(Data extract):
Content starts

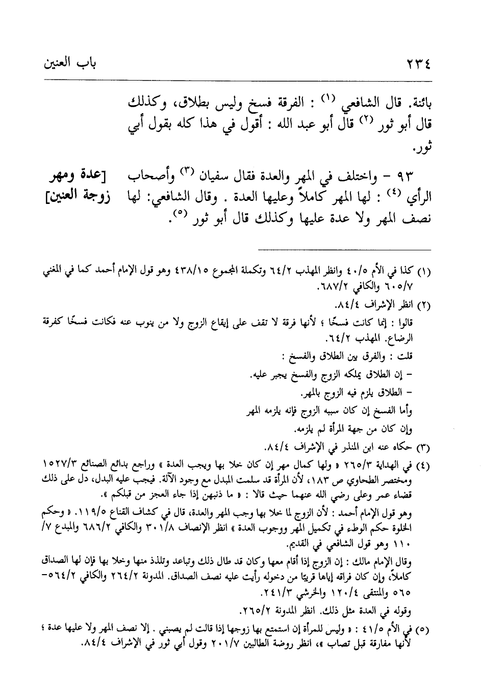 فقَالَ سُفْيَانُ وأَصْحَاب الرَّأْيِ: لها المهر كاملا وعليها العدة
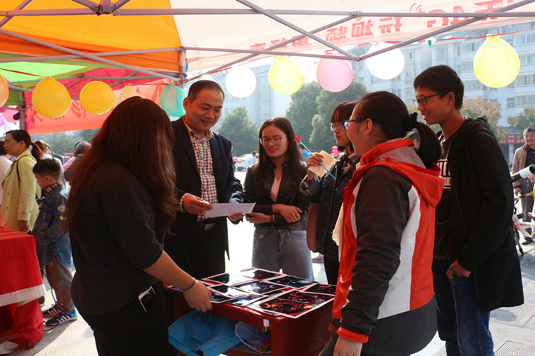 本次活动以“青春献礼十九大,不忘初心跟党走”为主题,集棋艺比拼,亲情再升温、义务维修家电、趣味羽毛球比赛、防骗宣讲、奇幻天文观测等形式多样的活动为一体,构成茗阳阁广场上一道亮丽的风景线。前期准备阶段,各社团负责人提前到达指定位置,进行搭帐篷、扯条幅、挂装饰品等一系列准备活动。活动一开始,吸引了众多社区居民前来咨询、围观,现场人头攒动,气氛异常热烈。电子信息技术协会工作人员为当地市民义务维修家电,在便利市民的同时增强动手实践能力,期间,社团成员对当地居民进行用电知识义务宣传讲解,获得了广大市民的一致好评。防诈骗宣讲活动现场,公司学子组织居民认真填写问卷调查表,发放宣传册为其普及关于企业传销诈骗与企业投资诈骗的常识,并重点为当地老人宣讲企业推销保健品的手段,增强居民安全防范意识。星空物语天文观测协会工作人员携带望远镜,组织调试并为市民展示星空之美。众多家长和孩子聚集在爱心公司社团帐篷中,在学子们的引导下做“你画我猜”、“趣味橡皮泥”等亲情默契大比拼游戏,极大地提升家长和孩子之间的默契程度,使亲情再升温。
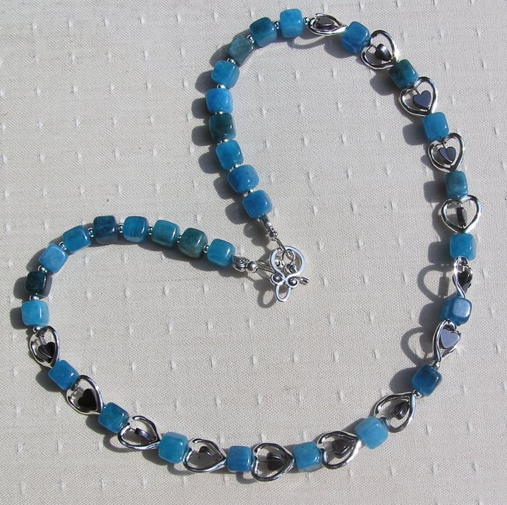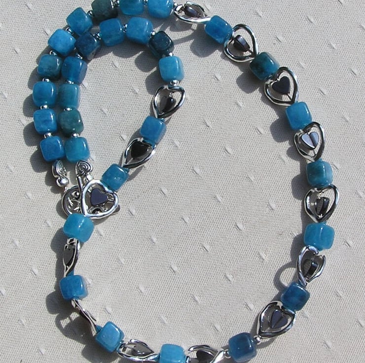 Teal Apatite & Black Hematite Crystal Gemstone Heart Necklace

Content ends

(Problem to solve): Type out the data above again exactly as written, minus the images.

(Answer space):
 فقَالَ سُفْيَانُ وأَصْحَاب الرَّأْيِ: لها المهر كاملا وعليها العدة
 本次活动以“青春献礼十九大,不忘初心跟党走”为主题,集棋艺比拼,亲情再升温、义务维修家电、趣味羽毛球比赛、防骗宣讲、奇幻天文观测等形式多样的活动为一体,构成茗阳阁广场上一道亮丽的风景线。前期准备阶段,各社团负责人提前到达指定位置,进行搭帐篷、扯条幅、挂装饰品等一系列准备活动。活动一开始,吸引了众多社区居民前来咨询、围观,现场人头攒动,气氛异常热烈。电子信息技术协会工作人员为当地市民义务维修家电,在便利市民的同时增强动手实践能力,期间,社团成员对当地居民进行用电知识义务宣传讲解,获得了广大市民的一致好评。防诈骗宣讲活动现场,公司学子组织居民认真填写问卷调查表,发放宣传册为其普及关于企业传销诈骗与企业投资诈骗的常识,并重点为当地老人宣讲企业推销保健品的手段,增强居民安全防范意识。星空物语天文观测协会工作人员携带望远镜,组织调试并为市民展示星空之美。众多家长和孩子聚集在爱心公司社团帐篷中,在学子们的引导下做“你画我猜”、“趣味橡皮泥”等亲情默契大比拼游戏,极大地提升家长和孩子之间的默契程度,使亲情再升温。
 Teal Apatite & Black Hematite Crystal Gemstone Heart Necklace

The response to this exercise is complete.